IMHO the likelihood that someone completely outside of any field or discipline cohort (academic/industry/etc), without existing contacts, making any kind of monumental discovery, is so vanishingly rare as to be non-existent.
So, one would already have some contact with someone of note in the field to guide disseminating the information (or to steal the idea for themselves and disseminate).
Start by going to someone in the appropriate department of your local university. There’s a high probability that your discovery is flawed, or long-known, or both, and they’ll likely be able to tell that.
In the unlikely (but possible!) event that you do have something actually new, then they can help you clean it up and get it published in an appropriate journal.
And yes, it does happen occasionally. IIRC, one of the key results in the theory of tesselations came from a stay-at-home mom with no particular math training, who liked to stare at the tile patterns on her floor and think about them.
One field where amateurs still make significant contributions to the advancement of science is astronomy. Comets, for instance, are sometimes first spotted by hobby astronomers (and then get named after them); an example is Hyakutake of 1996. The discoverer, a Japanese hobbyist, reported it to a national observatory.

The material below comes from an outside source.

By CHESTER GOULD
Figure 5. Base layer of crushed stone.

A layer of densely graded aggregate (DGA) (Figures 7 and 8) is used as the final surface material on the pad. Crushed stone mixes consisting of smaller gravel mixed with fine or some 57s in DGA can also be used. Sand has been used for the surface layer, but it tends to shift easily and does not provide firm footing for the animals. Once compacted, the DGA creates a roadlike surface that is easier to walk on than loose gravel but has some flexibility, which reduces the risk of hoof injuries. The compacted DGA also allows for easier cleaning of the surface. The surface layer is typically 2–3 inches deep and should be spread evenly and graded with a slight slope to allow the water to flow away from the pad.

I know you’re being facetious, but I think it’s safe to say that anyone who gets a Nobel Prize or Fields Medal does so as a result of a lot of hard work, and not just stumbling across something.
Well, I don’t know about any of the big awards in my case I took my idea and commercialized it and build a company around it. About 5 years later I was talking to the head of a major research institute in my field and he offered to help me publish my idea in a major journal and we’re working on the article right now.

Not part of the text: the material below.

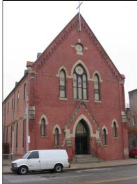
Abbott's Memorial Church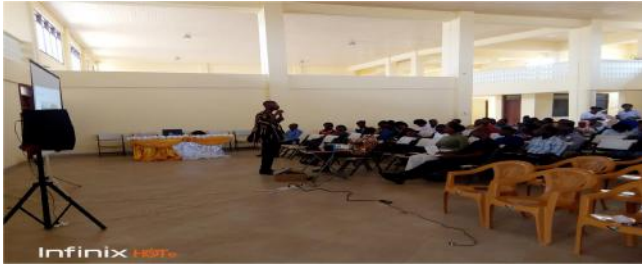
Figure 11 Municipal Health Director giving a presentation on the health review.

That was Marjorie Rice. She learned about tesselations from reading Martin Gardner’s Mathematical Games column in Scientific American and sent him her results. He passed them on to experts and wrote about her discoveries in one of his books.
Note that tesselations are one of the extremely rare items in math that can be done without any “real” math. The experts could barely follow her work because she didn’t know the standard notation. Rice could easily have been dismissed because of that.

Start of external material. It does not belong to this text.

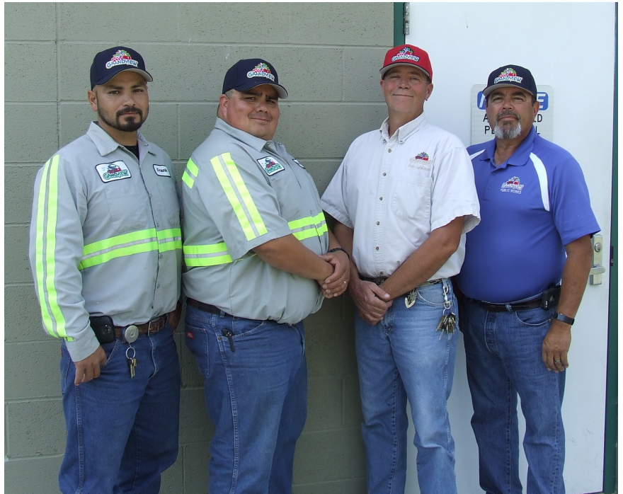
City of Grandview Water Plant Operators

In 2020 the Public Works Department collected a total of 233 water samples and monitored for over 100 contaminants. When contaminants are detected they are typically below the levels that EPA has established.

There’s nobody like Gardner these days, somebody nationally famous for engaging in a massive correspondence with amateur enthusiasts. The best advice is that given by Chronos: go to the lowest level of local expert who will listen and have it work its way up.
And that’s part of what I was referring to when I mentioned that a professor could help you clean up your work for publication: They could help you put things into notation that others in the field would understand.
Brian Josephson was just a graduate student when he published his prediction of what became known as Josephson tunneling in 1962. It was disputed by multi-Nobelist John Bardeen, but confirmed experimentally in 1963. He was awarded the Nobel prize for this prediction in 1973.
It’s an astonishingly simple theoretical prediction. But at the time, everyone assumed the currents they were seeing were “super shorts”, not supercurrent tunneling.
Claude Shannon basically invented digital logic (with vacuum tubes) for his Master’s Thesis.
As for the OP, I’d read papers in the field, then try to write the new discovery up as a paper, which will involve looking for prior work, and then take it to the local university.Nobody’s getting a Nobel Prize without publication.
Ramanujan wrote to G.H. Hardy and his work (a body of work, not a single result) got him an invitation to Cambridge. There is at least one real life story (sorry, I have forgotten the name) that was like Good Will Hunting. A janitor saw a problem on a blackboard and solved it. If Fermat really had a valid proof (which I highly doubt) someone could rediscover it. The actual published argument would take me years to understand and cannot be discovered by an amateur.
Fermat did have an actual proof… for the n=3 and n=4 cases. Which he went on to publish. Most likely, when he wrote his margin note, he was assuming that the same method would generalize to all n. When he later put in the work and discovered it didn’t, he published what he had, but never bothered to retract his margin note, because after all, it was just a margin note.
The professor in the case of Majorie Rice was Doris Schattschneider. I have met her and was awarded one of her books for my achievements as a mathematics undergrad.